TASK INSTRUCTIONS:
Your answer must be the exact lines below, starting with the line with "北京时间10月8日,美媒DK" and going on through the line with "기뻐하는 전현희 후보 |", both included, with no pictures.

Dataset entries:
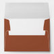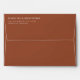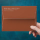 This wedding envelope features a minimalist design with a rich brown background and elegant white text, creating a sophisticated contrast. The layout is clean and centred, emphasizing clarity and simplicity with ample negative space around the text blocks. Utilising classic serif typography in uppercase, it conveys a formal yet approachable tone, perfect for official announcements or invitations. Customisable placeholders allow personalisation for names and addresses, making it ideal for weddings or significant life events.
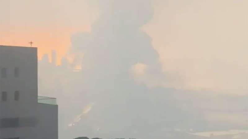 Initially, video taken by residents showed a fire raging at the port, sending up a giant column of smoke, illuminated by flashes of what appeared to be fireworks. Local TV stations reported that a fireworks warehouse was involved. The fire then appeared to spread to a nearby building, triggering a more massive explosion, sending up a mushroom cloud and generating a shock wave.
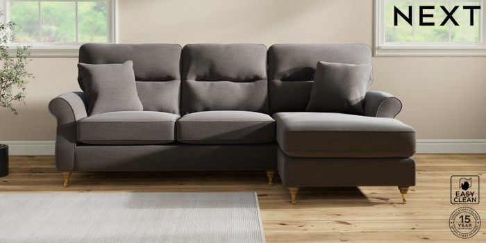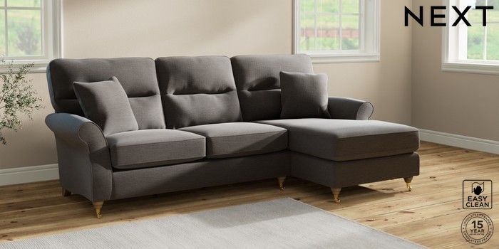 7.2.10 Ashford Highback Medium Sofa Chaise - Right Hand Fine Chenille Easy Clean Dark Smoke Grey Castor - Light | Made Click here to use our website with more accessibility support, for example screen readers
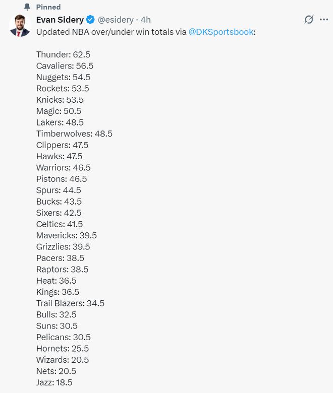 北京时间10月8日,美媒DKSportsbook预测了联盟30支球队的战绩情况:
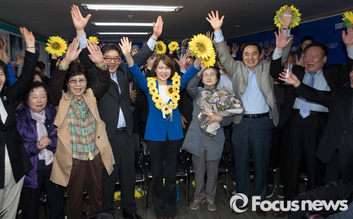 | △ 지지자들과 기뻐하는 전현희 후보 |
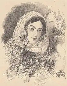En à Paris, a lieu en grande pompe l'enterrement de Malka Kachwar[alpha 4], reine d'Oude, au cimetière du Père-Lachaise[9]. Nélie Jacquemart, qui accompagne Léon Cogniet, réalise de nombreux croquis des personnages présents. Aristide Merille du journal L'Illustration fait réaliser des lithographies par d'Évremond de Bérard et Jules Worms d'après ses croquis. Le , l'article sur « Les funérailles de la reine d'Oude », accompagné d'une double page centrale illustrée de dix lithographies avec pour certaines l'attribution « d'après les croquis de Mlle Nélie Jacquemard », est publié dans le journal[10],[11].
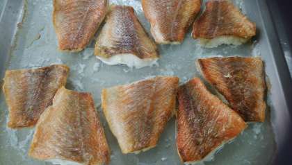 あかうおは名前の通り、赤い色をした魚の総称で、給食では北太平洋の深海にすむ「アラスカメヌケ」という魚を使っています。白身のあっさりとした味わいで、多くの生徒が「好きな魚」だそうです。(写真:中)
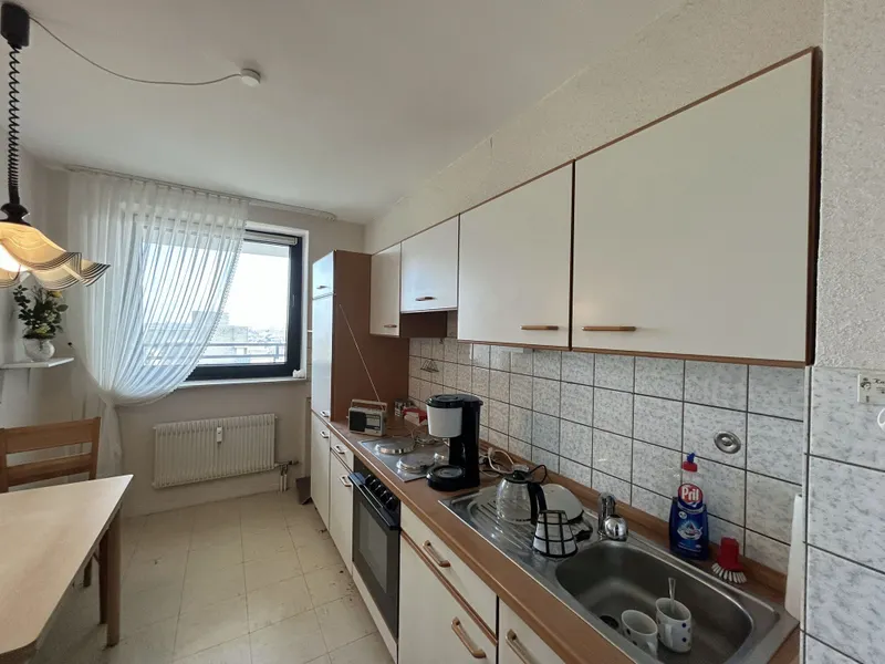 Die durchdachte Grundrissgestaltung umfasst insgesamt drei Zimmer und eignet sich ideal für Singles oder Paare. Herzstück der Wohnung ist der großzügige Wohnbereich mit Zugang zur großen Loggia – von hier genießen Sie einen schönen Blick über die Stadt. Die Küche ist in einem separaten Raum untergebracht. Ein Tageslichtbad rundet das Raumangebot ab.

SOLVED PROBLEM:
 北京时间10月8日,美媒DKSportsbook预测了联盟30支球队的战绩情况:
 | △ 지지자들과 기뻐하는 전현희 후보 |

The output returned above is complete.